Этим легким, но точно продуманным движением королевская семья вернула инициативу на ту сторону Атлантики. Получит ли история развитие — теперь зависит от того, захотят ли Гарри и Меган продолжать вытаскивать на свет дворцовые тайны, которых они, безусловно, знают намного больше, чем рассказали Опре Уинфри.

Спустя почти неделю после интервью, которое СМИ поспешили назвать «сокрушительным ударом», картина рисуется ясная: Букингемский дворец этот удар выдержал. Но могут ли вообще подобные интервью нанести непоправимый вред институту монархии, как сгоряча написали многие издания?

Дворец устоял, но по ходу действия его положение не всегда казалось устойчивым. В понедельник, 8 марта, когда вышло интервью, да и на следующий день, до официального заявления, никто не мог предугадать, какой оборот примут события. Меган и Гарри преподнесли родне целый букет упреков, каждый из которых теоретически мог бы стоить карьеры известному голливудскому режиссеру (и никому даже не пришлось бы ничего доказывать). Набор явно апеллировал к «новой этике»: в словах Меган можно было прочитать обвинения и в эмоциональном насилии, и в ограничении свободы передвижения, и в расизме, и в неоказании помощи, и даже в подстрекательстве к самоубийству. Она выставила членов семьи черствыми, бесчувственными и холодными людьми, что по нынешним временам почти криминал (и вряд ли многие сомневаются, что она далека от истины).

«Паузы в такие моменты умеют быть пугающими. Два дня британская монархия была монархией Шредингера»

После интервью казалось, что уж теперь-то дворец просто не сможет молчать, как он обычно делал после публикации сплетен в таблоидах. Все-таки в этот раз новости принесли не газетчики по сведениям анонимных источников, а свои же домочадцы, и промолчать в такой ситуации — это фактически расписаться в том, что хотя бы часть рассказанного — правда. А значит: ну все, пропал дом, жизни теперь не дадут. Расизм — это не шутки.

Но и не промолчать было опасно. Образ ее величества Елизаветы II, сопоставимый по уровню всемирной любви с папой римским и далай-ламой, по большому счету многие годы строился на том, что она за 70 лет на троне ни разу ни с кем не поругалась и была выше любых дрязг, сохранив в неприкосновенности свое королевское величие.
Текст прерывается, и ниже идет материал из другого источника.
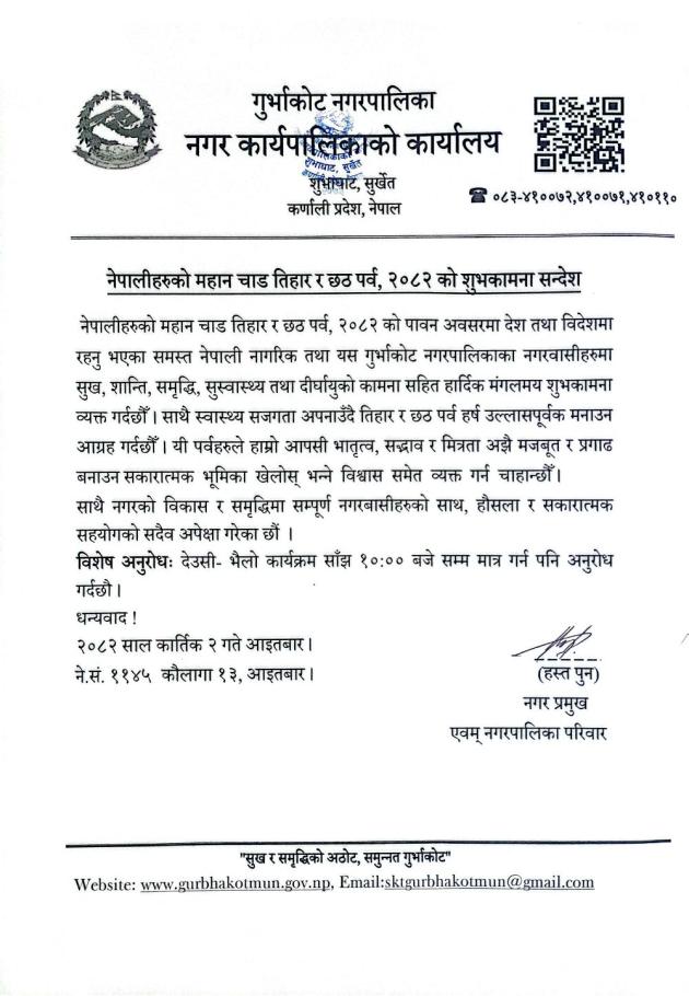नेपालीहरुको महान चाड तिहार र छठ पर्व, २०८२ को शुभकामना सन्देश

И если бы сейчас она, как глава дома, вдруг (гипотетически) стала бы оправдываться или (еще более гипотетически) каяться, она рисковала подвергнуть образ британской монархии в глазах всей планеты как минимум пересмотру.

Это сейчас нам, дожившим до субботы, кажется, что такого просто не могло быть. Но вообще-то дворец не выпускал заявления более суток, и в понедельник и вторник многих беспокоило, над чем именно они там раздумывают, а вдруг о том, чтобы признать неправоту?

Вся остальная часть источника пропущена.